How can this be? Is Celecoxib a fluke? So I looked at another commonly prescribed medication, this time a drug classified as tier 3. I chose Vagifem, an estrogen suppository, used to treat post-menopausal atrophic vaginitis. The cost of a 3-month supply through the health plan—after using the entire $4000 deductible? $80. The mail order cost from Walgreen’s today, assuming the deductible hasn't been spent? $360. The cost from the Canadian pharmacy? $55. Made in the UK. Walgreen’s is 7 times more expensive.

What’s going on here? I’ll leave that to the policy wonks, but maybe they should look at the behavior of pharmacies as well as drug companies and health insurers.
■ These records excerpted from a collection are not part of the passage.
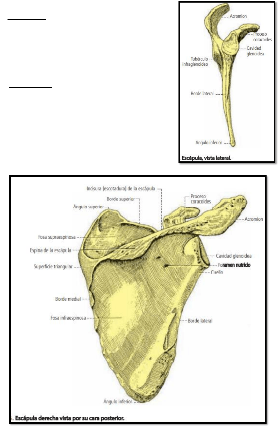 del hueso, para terminar en una amplia saliente en forma de paleta: el acromion.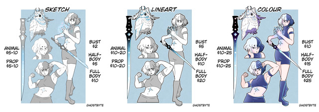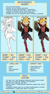 - In the event you have an idea but no reff sheet and this is a character creation commission, collect elements to reference in advance (example: items from a game or movie or show. Hairstyle of a media character or body type of a cartoon character, etc.)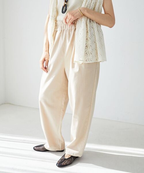 《WEB限定アイテム》 軽やかな着心地とふんわりとしたシルエットにこだわったイージーパンツが登場。 生地は涼し気なコットン麻の生地を使用しました。 程よく肌離れし、脚のラインを拾わずすっきりと着用いただけます。 ●ポイント ウエストがくしゅっとしたデザインデザインで、シンプルなトップスと合わせてもこなれた印象に。高身長の方から低身長の方まで使えるサイジングです。 ●おすすめコーデ 普段のお出かけはもちろん、旅行やリゾートにも活躍するリラックスパンツです。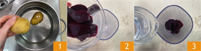 Pour préparer les culurgiones de betterave avec pommes de terre et sauce au fromage bleu, commencez par faire cuire les pommes de terre à l'eau froide ; cela prendra environ 30-40 minutes, selon la taille 1. En attendant, préparez la pâte : épluchez les betteraves cuites et mettez-les dans un récipient 2 avec l'eau 3.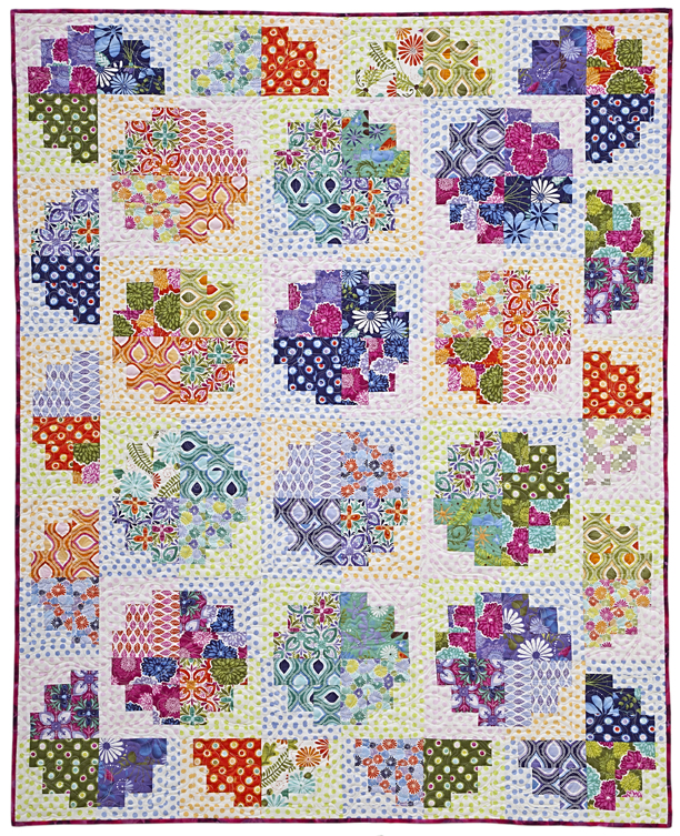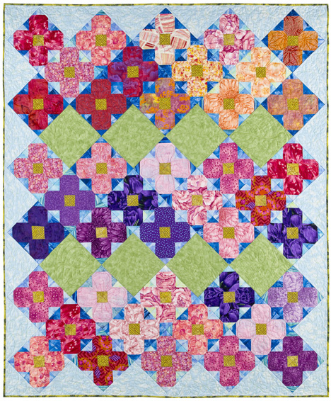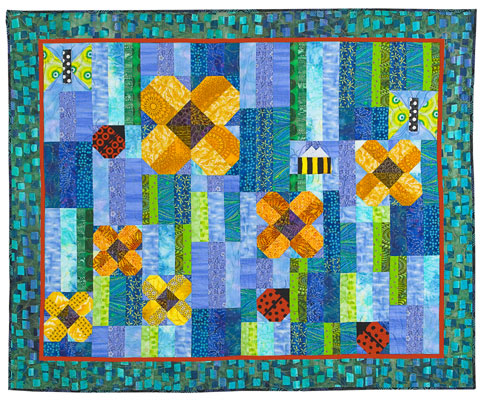 Strips and simple piecing come together like a puzzle to reveal a garden bursting with color and life.

After all, this isn't just a case of generic drugs costing almost as much as their brand name equivalents, which is still another problem for consumers. Meanwhile, importing drugs from Canada is a valuable option. It's not legal to re-import medication for sale or to import restricted drugs such as opioids, but the law on medicines for personal use is a bit fuzzy, or at least its enforcement is. With consumers shouldering an ever increasing proportion of health care costs, and no prospect for relief in sight, there's a strong incentive to look north.